- Born: 1944 New York City, United States
- Died: May 12, 2016 (aged 71–72) Taipei, Taiwan
- Occupations: Editor, Publisher
- Known for: Founder of Echo Publishing Co., Ltd.
- Relatives: Wu Tiecheng (grandfather)

= Wu Mei-yun =

Taiwanese editor and publisher

Wu Mei-yun (Chinese: 吳美雲; 1944 – 12 May 2016) was a Taiwanese editor and publisher. She was best known for founding Echo Publishing Co., Ltd. and launching Echo Magazine. She played a pivotal role in promoting Taiwanese children's literature and traditional Chinese culture through publishing, educational projects, and cultural exchange initiatives.

==Early life==
Wu was born in New York City. She was the granddaughter of Wu Tiecheng and the daughter of Wu You-lin, an official in the Central Trust Bureau. Wu graduated from Taipei American School before pursuing studies in the United States and the United Kingdom. She enrolled at Western College for Women in Oxford, Ohio (now part of Miami University), where she developed an interest in editing and publishing. In her junior year, she served as editor-in-chief of the college newspaper. Wu later received a Fulbright scholarship to pursue graduate studies in political science and strategic studies in the United Kingdom.

==Career==
In 1970, Wu Mei-yun, already a mother, quit her job and converted her home bathroom into a darkroom to establish Echo Publishing. She collaborated with Huang Yong-song and Yao Meng-chia and to launch Echo Magazine, becoming known collectively as the "Four Pillars of Echo" once Hsi Sung joined in 1978. The magazine drew inspiration from American publications such as Life, Outlook, and Playboy to develop its unique editorial style.

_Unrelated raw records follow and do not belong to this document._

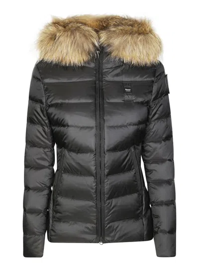 Long Quilted Down Jacket With Removable Raccoon Fur Trim In Black
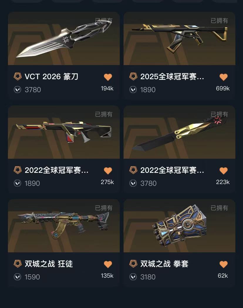 可排❤VCT26篆刀赋能挂❤2225冠军双城限定❤创纪元边陲奇点古神套❤掠夺噬影狮子猴子ak❤弃王狙
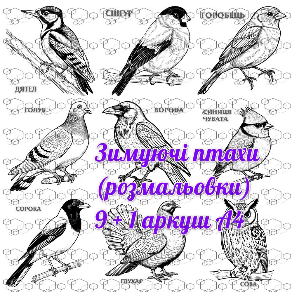 9 контурних малюнків зимуючих птахів із назвами + 1 малюнок загальний. До друку 10 сторінок А4.
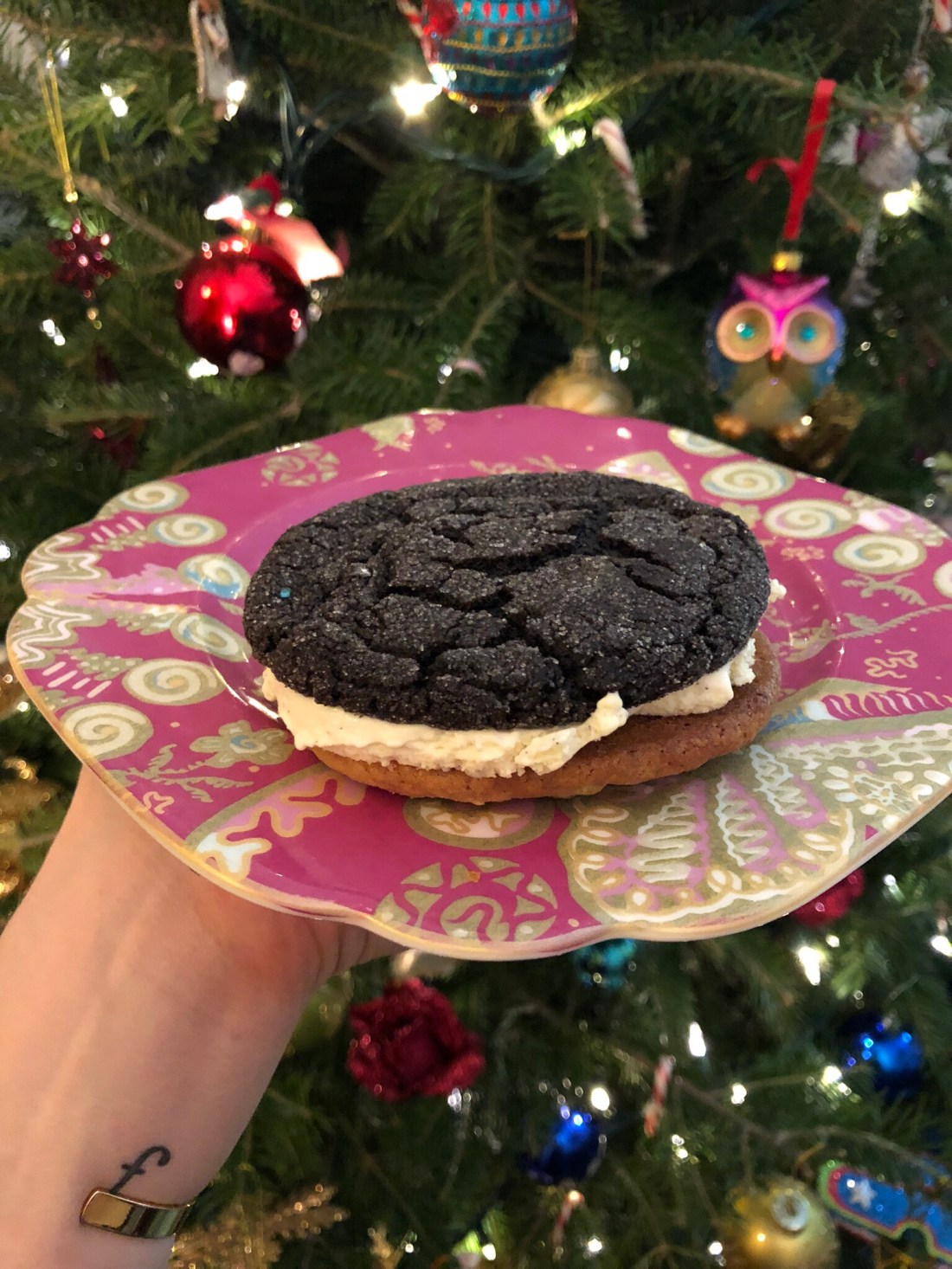For the snow day… black sweatshirt and tee, with a toque and leather jacket.

Wu initially worked fourteen-hour days, seven days a week, and faced financial difficulties, nearly preventing the magazine's timely launch. Echo Magazine debuted on 1 January 1971, with an initial order of 10,000 copies supplied by China Airlines for in-flight readership. The magazine's emphasis on field research in Taiwan, high-quality photography, and literary reportage contributed to its international circulation, reaching subscribers in thirty-three countries. To supplement income, Wu and her partners undertook projects such as producing a Taiwan lifestyle handbook for the National Science Council and creating films on traditional Chinese festivals for the Tourism Bureau.

Throughout the 1970s and 1980s, Wu oversaw numerous publishing projects, including 漢聲中國童話, 漢聲小百科, 愛的小小百科, and curated collections of international children's picture books and young adult literature. Her publications aimed to provide Taiwanese children with culturally relevant materials in addition to Western stories. She personally supervised editorial and production processes, often engaging directly in cultural content creation.

==Later years and death==
Following the deaths and retirements of key partners, Wu continued as operator of Echo Publishing amid financial decline. She suffered from various health issues. The 2008 global financial crisis further impacted the company during her illness. Wu Mei-yun died on 12 May 2016 at age seventy-two in Taipei Cathay General Hospital.